= Area codes 805 and 820 =

Area codes in central California, United States

Area codes 805 and 820 are telephone area codes in the North American Numbering Plan (NANP) for the U.S. state of California. The numbering plan area (NPA) includes most or all of the counties of San Luis Obispo, Santa Barbara, Ventura, and the southernmost portions of Monterey County. 805 was split from area code 213 in 1957, and area code 820 was added to the NPA in 2018, creating an area code overlay.

==History==
Area code 805 was created in 1957, when one of the original North American area codes in California, 213, was reduced in size to provide more central office codes in the Los Angeles area.

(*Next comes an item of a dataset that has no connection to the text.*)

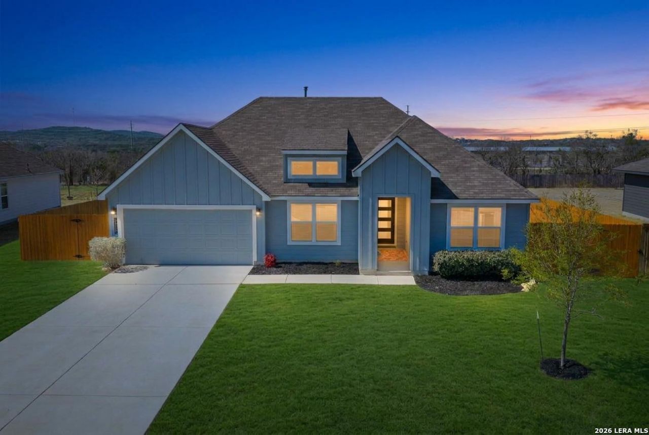 Located in the highly coveted, gated community of The Reserve at Copper Canyon in beautiful Bulverde, Texas. Built in 2023 and offered in truly better-than-new condition, this 2,159 square foot single-story home sits on a level half-acre lot and combines modern design, thoughtful upgrades, premium community amenities and Hill Country living - all with no city taxes and no MUD tax. From the moment you arrive, the covered front porch creates a warm and inviting first impression. Step inside and youre immediately greeted by abundant natural light, neutral tones, and luxury vinyl plank flooring - with almost zero carpet anywhere in the home. The open-concept design seamlessly connects the living, dining, and kitchen spaces, creating an ideal flow for everyday living and entertaining. The kitchen is both stylish and functional, featuring stainless steel appliances, gas cooking, quartz countertops, subway tile backsplash, modern gold hardware, and a touch-free Wellfor faucet with a deep basin sink. Abundant cabinetry and a large walk-in pantry provide exceptional storage. The kitchen opens to a 16x13 dining room with great views to the private backyard. The 20x18 living room offers plenty of space to relax, and entertain alike with a large ceiling fan and abundant natural light pouring in from the windows with 2" faux wood blinds throughout. Smart home technology enhances both convenience and security, including a digital front door lock, video doorbell, smart thermostat, smart Z-Wave switches, garage door openers, and a smart home panel with security system pre-wiring. The split-bedroom layout ensures privacy, with the primary suite thoughtfully separated from the secondary bedrooms. This spacious retreat offers a spa-like bath complete with dual vanities, a large walk-in shower with natural light, open linen storage, a private water closet, and a huge walk-in closet, the only room with carpet in the home. Three additional bedrooms provide flexibility and individual privacy, each with generous closet space, upgraded fixtures, natural light and easy access to a well equipped full bath with tub/shower combo and more open linen storage. The oversized utility room is a standout feature - offering extensive storage and auxiliary space for additional appliances or organization needs. Throughout the home, youll find impressive closet space, smart storage solutions, and a true sense of intentional design. Step outside to the covered back patio, complete with a retractable shade system, creating a comfortable space to relax year-round. The privacy-fencing has been freshly stained offering a clean, finished look with room to personalize. With a level half-acre lot, theres ample space for future enhancements while still maintaining privacy. Additional upgrades include a water softener with whole-home carbon filtration system, a sprinkler system and a two-car garage. The Reserve at Copper Canyon residents enjoy gated entry, premium community a

In 1998, the California-Nevada Code Administration (CNCA) determined that California was under "substantial number growth" which required exhaustion mitigation in the 805 numbering plan area, by splitting the eastern part of the NPA into a new plan area with the area code 661. The split was effective on February 13, 1999, for the San Joaquin Valley, Santa Clarita Valley, and Antelope Valley.

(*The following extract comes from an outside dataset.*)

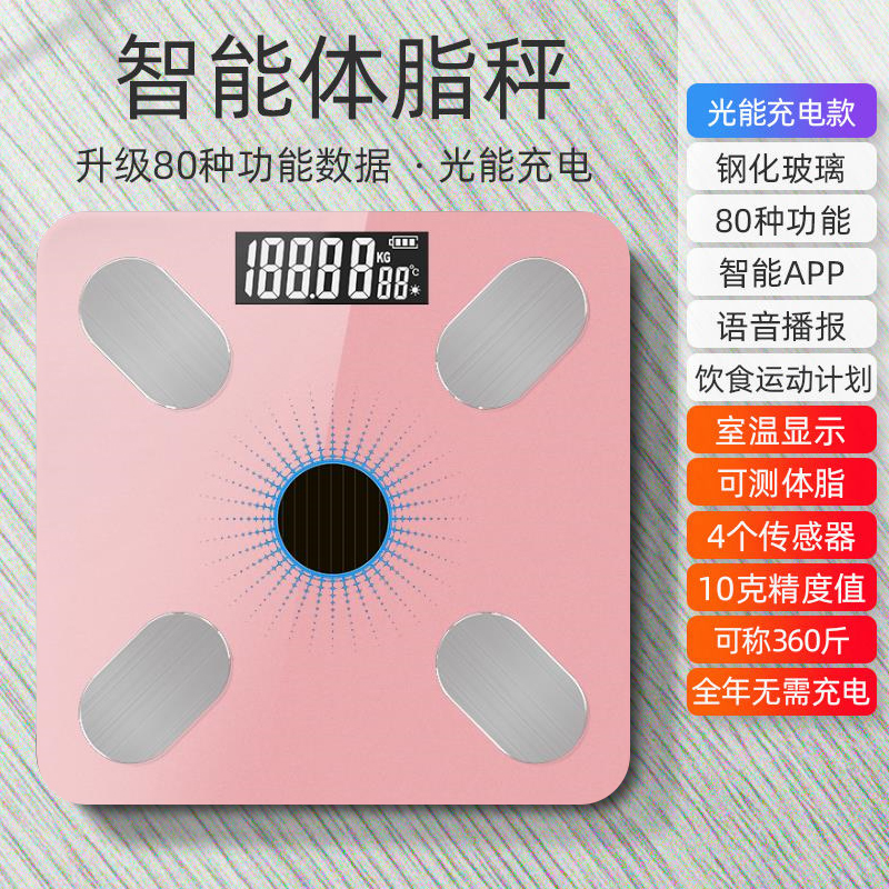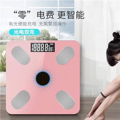 【超值单品】多功能体脂称USB充电太阳能充电两用【钢化玻璃/玫瑰金】 |

In August 2016, the California Public Utilities Commission held a series of hearings for the decision of providing a relief area code in NPA 805 in the form of an overlay or an area code split. On May 25, 2017, the Commission approved 820 as an overlay area code. New telephone numbers of 820 area code began service in June 2018, requiring ten-digit dialing for all calls.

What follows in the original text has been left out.